4. A 10 mile link operates at 10 GHz . Both transmitting and receiving antenna gains are
28.3 dBi each and cabling loss both at the transmitter and at the receiver are 5 dB each. Output power of the transmitter is 10 dBm. a. Find the Unfaded Received Signal Level.
RSL = 10 dBm - 5 dB + 28.3 dBi - 5 dB + 28.3 dBi - 116.6 dB = - 60 dBm
d. If for the 1 GHz link, the same receiver is used as in 4.b above, find the Fade
Margin.
Fade Margin = Unfaded Receive Signal Level - Receiver Sensitivity Threshold = - 60 dBm - ( -100 dBm ) = 40 dB e.
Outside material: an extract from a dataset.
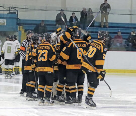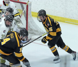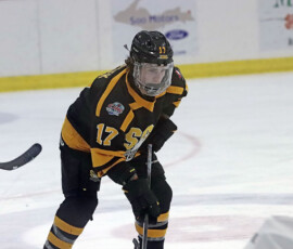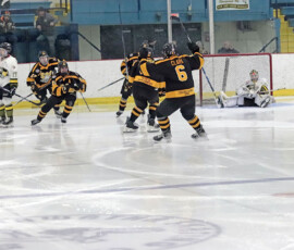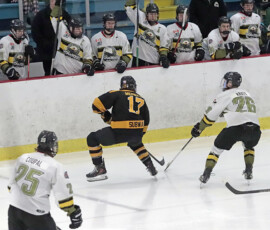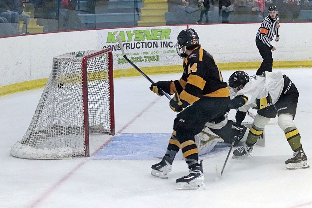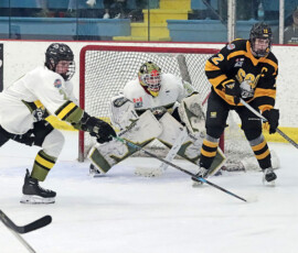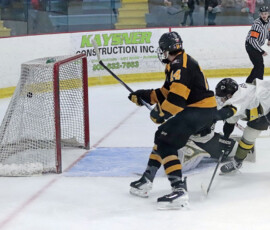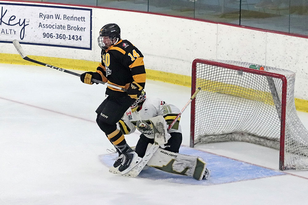 Countering with an equalizer at 14:53, Powassan defenceman Bruce Grey moved in from the point and fired a feed across that Jax Pereira hammered in with a one-timer that flew past Soo starter Jace Knoerle.

Which is a better design, 4.b or 4.d above ? Explain.
If the fade margin of 40 dB is needed due to atmospheric conditions of the microwave link in 4.d, then 4.d is a better design. If the atmospheric conditions of the microwave link in 4.d do not require 40 dB fade margin, but can still perform with 20 dB fade margin, then 4.b is a better design.
5. Based on E-Carrier European (CEPT) hierarchies, you own 4 different types of
multiplexers, E-1, E-2, E-3 and E-4. a. Which of these multiplexers would you prefer to send one digital video channel ?
E-4
b. Which of these multiplexers would you prefer to send 150 digital voice channels ? E-3
c. How efficient is your choice in 5.b above ? What can happen if you use statistical multiplexer instead ? Explain.
It is not efficient because only 150 digital voice channels are used whereas there are 480 digital voice channels available in E-3. If statistical mux of the right size is used instead, the traffic flow would be more efficient.
5. An analog signal has time variation f(t) = 3 + 0.2 cos (8000π t) - 0.3 sin (4000π t) . a. Minimum how many samples should be taken to satisfy Nyquist requirement?
Maximum frequency = 4 KHz, i.e. sampling frequency = 8 KHz The minimum number of samples per second needed to satisfy Nyquist requirement = 8000
b. 256 levels is used to represent one sample. How many bits are required to transmit one sample value?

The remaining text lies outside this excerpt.